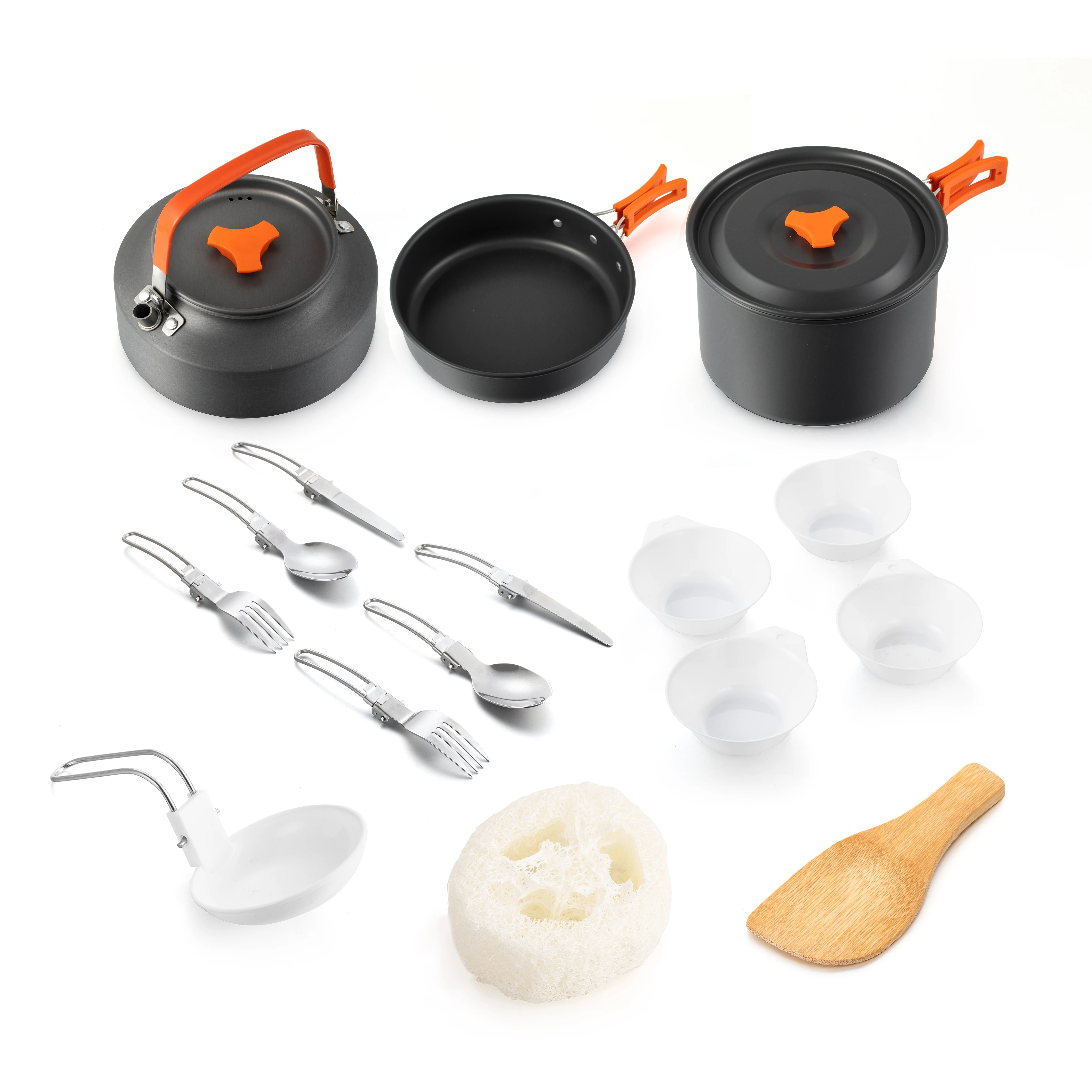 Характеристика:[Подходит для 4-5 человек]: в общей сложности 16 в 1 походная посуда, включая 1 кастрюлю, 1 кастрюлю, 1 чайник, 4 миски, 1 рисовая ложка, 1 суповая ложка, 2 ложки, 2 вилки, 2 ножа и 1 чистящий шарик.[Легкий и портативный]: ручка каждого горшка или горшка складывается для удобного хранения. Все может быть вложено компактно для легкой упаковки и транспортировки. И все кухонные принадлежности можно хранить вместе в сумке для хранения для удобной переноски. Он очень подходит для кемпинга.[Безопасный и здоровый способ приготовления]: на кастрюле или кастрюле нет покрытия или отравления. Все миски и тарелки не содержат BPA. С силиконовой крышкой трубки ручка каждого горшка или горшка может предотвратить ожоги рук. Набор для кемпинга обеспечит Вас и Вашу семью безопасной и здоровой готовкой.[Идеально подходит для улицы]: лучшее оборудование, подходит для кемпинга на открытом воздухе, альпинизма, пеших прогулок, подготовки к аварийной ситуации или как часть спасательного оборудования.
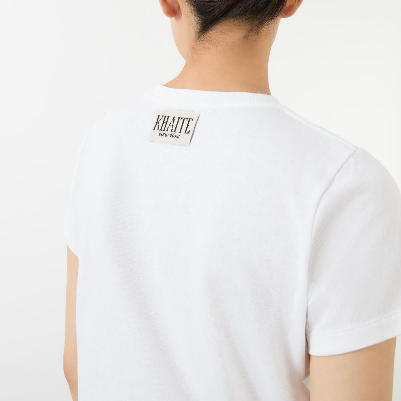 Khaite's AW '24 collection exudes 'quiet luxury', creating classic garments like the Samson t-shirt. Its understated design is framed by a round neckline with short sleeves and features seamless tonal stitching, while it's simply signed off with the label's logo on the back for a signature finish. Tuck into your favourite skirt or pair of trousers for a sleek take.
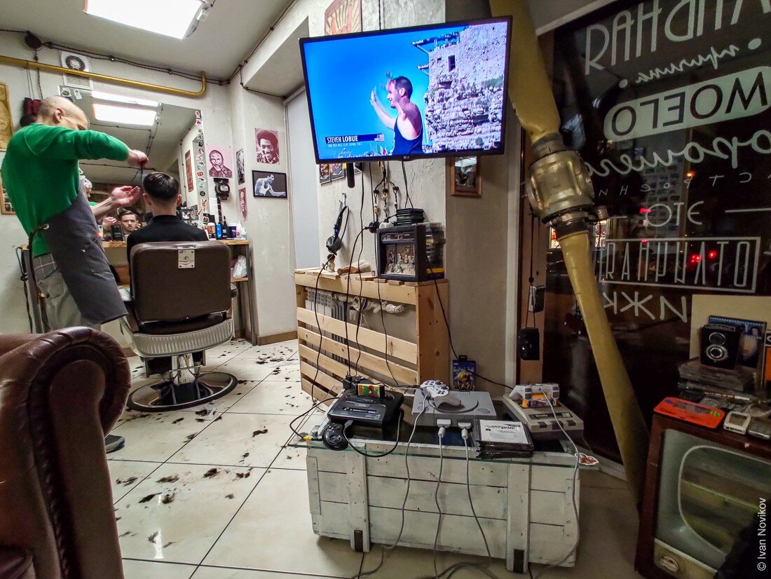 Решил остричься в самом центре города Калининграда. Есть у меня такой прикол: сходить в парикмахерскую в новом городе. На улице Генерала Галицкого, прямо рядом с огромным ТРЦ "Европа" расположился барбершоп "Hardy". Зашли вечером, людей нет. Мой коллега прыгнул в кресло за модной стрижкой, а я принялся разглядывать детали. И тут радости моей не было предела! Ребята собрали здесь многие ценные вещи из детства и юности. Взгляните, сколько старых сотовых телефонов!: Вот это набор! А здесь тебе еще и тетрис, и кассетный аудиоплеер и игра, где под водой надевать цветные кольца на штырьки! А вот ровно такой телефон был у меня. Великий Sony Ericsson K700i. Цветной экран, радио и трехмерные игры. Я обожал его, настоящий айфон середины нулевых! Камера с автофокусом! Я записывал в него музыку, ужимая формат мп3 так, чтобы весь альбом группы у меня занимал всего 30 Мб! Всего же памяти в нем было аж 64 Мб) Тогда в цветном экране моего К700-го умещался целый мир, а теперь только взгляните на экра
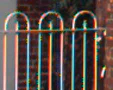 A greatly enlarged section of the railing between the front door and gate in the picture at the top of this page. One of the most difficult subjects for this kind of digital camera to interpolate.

** WORK TO BE COMPLETED **
No picture should be included when the data are set down again exactly.

** ANSWER TO THE PROBLEM **
 Характеристика:[Подходит для 4-5 человек]: в общей сложности 16 в 1 походная посуда, включая 1 кастрюлю, 1 кастрюлю, 1 чайник, 4 миски, 1 рисовая ложка, 1 суповая ложка, 2 ложки, 2 вилки, 2 ножа и 1 чистящий шарик.[Легкий и портативный]: ручка каждого горшка или горшка складывается для удобного хранения. Все может быть вложено компактно для легкой упаковки и транспортировки. И все кухонные принадлежности можно хранить вместе в сумке для хранения для удобной переноски. Он очень подходит для кемпинга.[Безопасный и здоровый способ приготовления]: на кастрюле или кастрюле нет покрытия или отравления. Все миски и тарелки не содержат BPA. С силиконовой крышкой трубки ручка каждого горшка или горшка может предотвратить ожоги рук. Набор для кемпинга обеспечит Вас и Вашу семью безопасной и здоровой готовкой.[Идеально подходит для улицы]: лучшее оборудование, подходит для кемпинга на открытом воздухе, альпинизма, пеших прогулок, подготовки к аварийной ситуации или как часть спасательного оборудования.
 Khaite's AW '24 collection exudes 'quiet luxury', creating classic garments like the Samson t-shirt. Its understated design is framed by a round neckline with short sleeves and features seamless tonal stitching, while it's simply signed off with the label's logo on the back for a signature finish. Tuck into your favourite skirt or pair of trousers for a sleek take.
 Решил остричься в самом центре города Калининграда. Есть у меня такой прикол: сходить в парикмахерскую в новом городе. На улице Генерала Галицкого, прямо рядом с огромным ТРЦ "Европа" расположился барбершоп "Hardy". Зашли вечером, людей нет. Мой коллега прыгнул в кресло за модной стрижкой, а я принялся разглядывать детали. И тут радости моей не было предела! Ребята собрали здесь многие ценные вещи из детства и юности. Взгляните, сколько старых сотовых телефонов!: Вот это набор! А здесь тебе еще и тетрис, и кассетный аудиоплеер и игра, где под водой надевать цветные кольца на штырьки! А вот ровно такой телефон был у меня. Великий Sony Ericsson K700i. Цветной экран, радио и трехмерные игры. Я обожал его, настоящий айфон середины нулевых! Камера с автофокусом! Я записывал в него музыку, ужимая формат мп3 так, чтобы весь альбом группы у меня занимал всего 30 Мб! Всего же памяти в нем было аж 64 Мб) Тогда в цветном экране моего К700-го умещался целый мир, а теперь только взгляните на экра
 A greatly enlarged section of the railing between the front door and gate in the picture at the top of this page. One of the most difficult subjects for this kind of digital camera to interpolate.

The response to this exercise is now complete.